What needs to be done: Your answer consists of the lines in the data that contain "with". Copy each of them.

Dataset section:
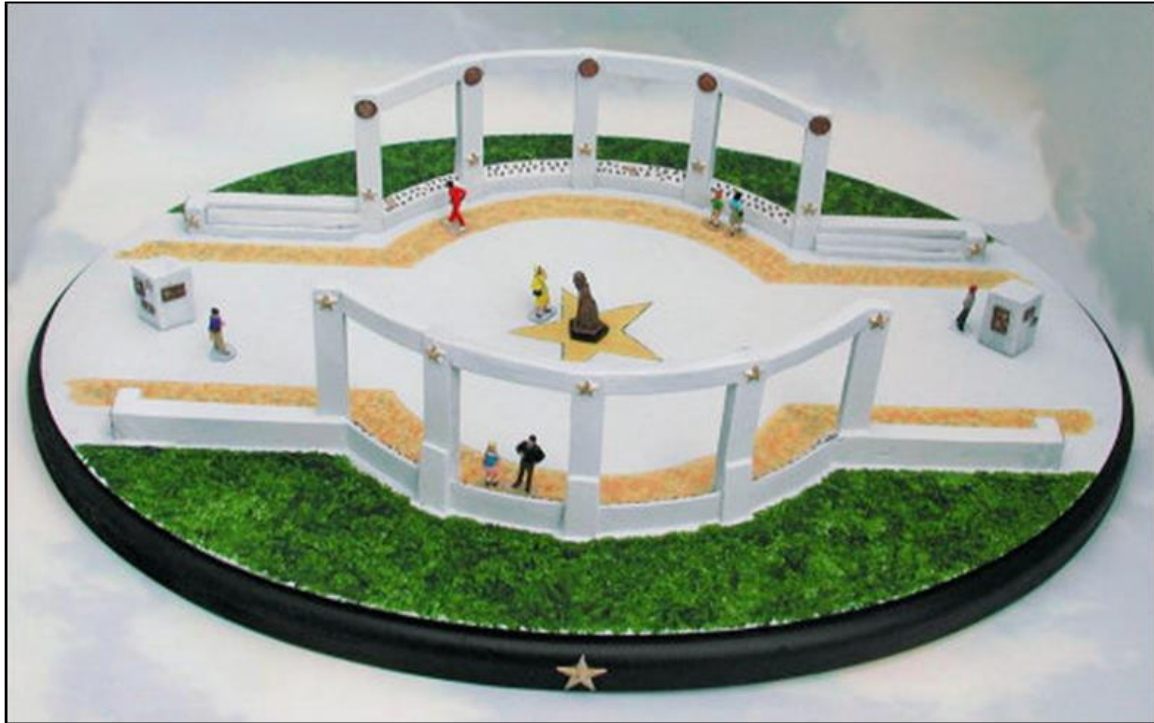
Figure 8. Gold Star Mothers Memorial Concept Design
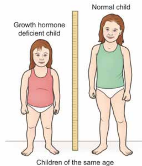
Figure 2. Stunted Growth in Children with Growth Hormone Deficiency

The consequences of growth hormone deficiency vary depending on the age when it occurs. Babies lacking growth hormone may develop hypoglycemia (low blood sugar). Children and adolescents with growth hormone deficiency grow more slowly than normal and, if left untreated, become unusually short as adults (Figure 2). They also have more body fat, especially around the waistline, and may not achieve normal bone density and strength.

Completed exercise:
Figure 2. Stunted Growth in Children with Growth Hormone Deficiency
The consequences of growth hormone deficiency vary depending on the age when it occurs. Babies lacking growth hormone may develop hypoglycemia (low blood sugar). Children and adolescents with growth hormone deficiency grow more slowly than normal and, if left untreated, become unusually short as adults (Figure 2). They also have more body fat, especially around the waistline, and may not achieve normal bone density and strength.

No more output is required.